Email spam is then filtered by employing, at least in part, search query monetization values and/or specific user advertiser interactions 706, ending the flow 708. For example, a filtering process can include a low monetization value queries algorithm and/or a high monetization value queries algorithm and the like. It can be appreciated that there are many different algorithms that can be employed with instances disclosed herein. Different algorithms can be employed to adequately weight the search query monetization values to improve email spam filtering. Use of specific user advertisement interactions can also be invaluable to user satisfaction during the filtering of email. Users who desire to receive email related to a likely spam topic will be dissatisfied if those topics are removed and/or flagged. Thus, by incorporating specific user advertisement interactions into the filtering process, the spam filtering can be tuned for individual users, substantially increasing the user's satisfaction with the filtering process.

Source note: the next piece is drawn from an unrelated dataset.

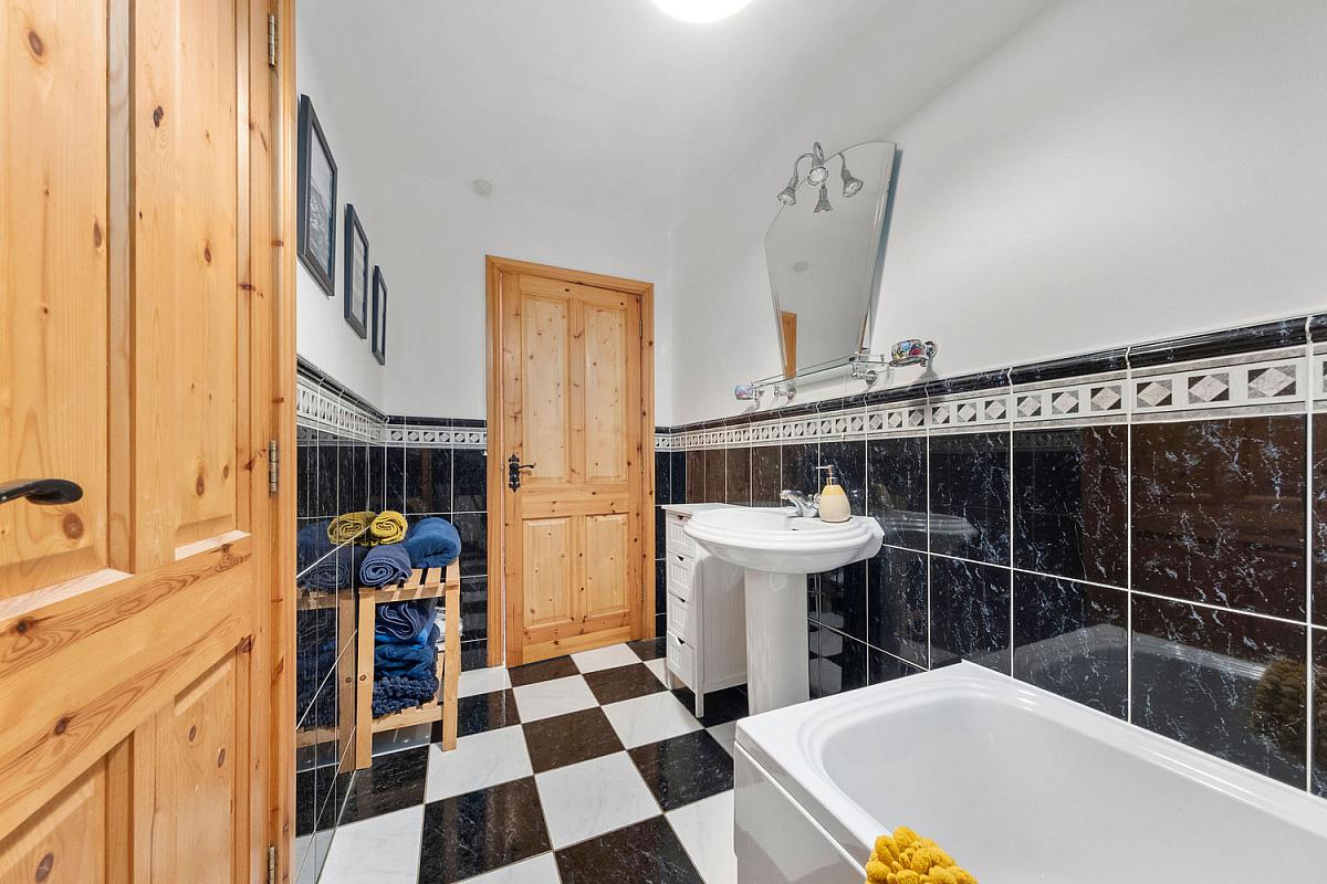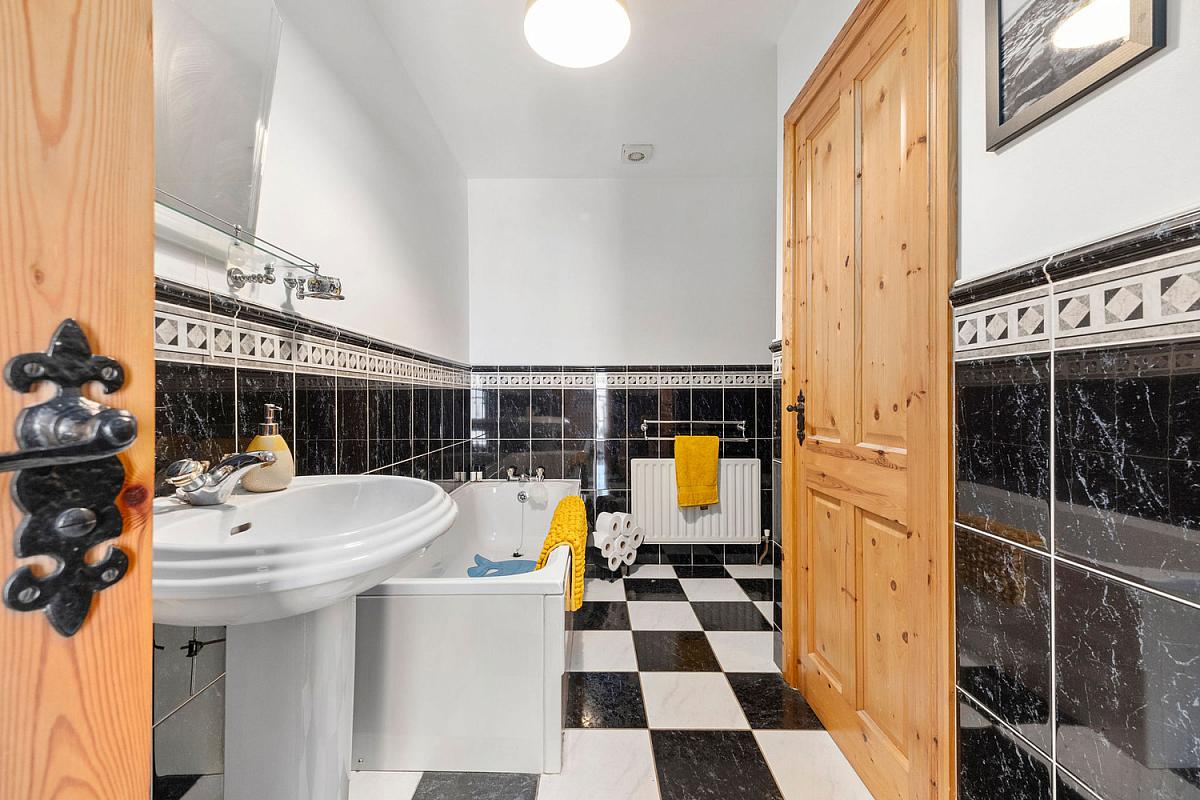 With white suite comprising w.c., wash hand basin, bath with tiled surround, hot press, half tiled walls, extractor fan and tiled floor.

The various components and processes described above can reside in similar and/or disparate locations that require various communication means to retrieve/obtain information/data.
It is to be appreciated that the systems and/or methods of the embodiments can be utilized in search query monetization value facilitating computer components and non-computer related components alike. Further, those skilled in the art will recognize that the systems and/or methods of the embodiments are employable in a vast array of electronic related technologies, including, but not limited to, computers, servers and/or handheld electronic devices, and the like.
What has been described above includes examples of the embodiments. It is, of course, not possible to describe every conceivable combination of components or methodologies for purposes of describing the embodiments, but one of ordinary skill in the art may recognize that many further combinations and permutations of the embodiments are possible. Accordingly, the subject matter is intended to embrace all such alterations, modifications and variations that fall within the spirit and scope of the appended claims. Furthermore, to the extent that the term “includes” is used in either the detailed description or the claims, such term is intended to be inclusive in a manner similar to the term “comprising” as “comprising” is interpreted when employed as a transitional word in a claim.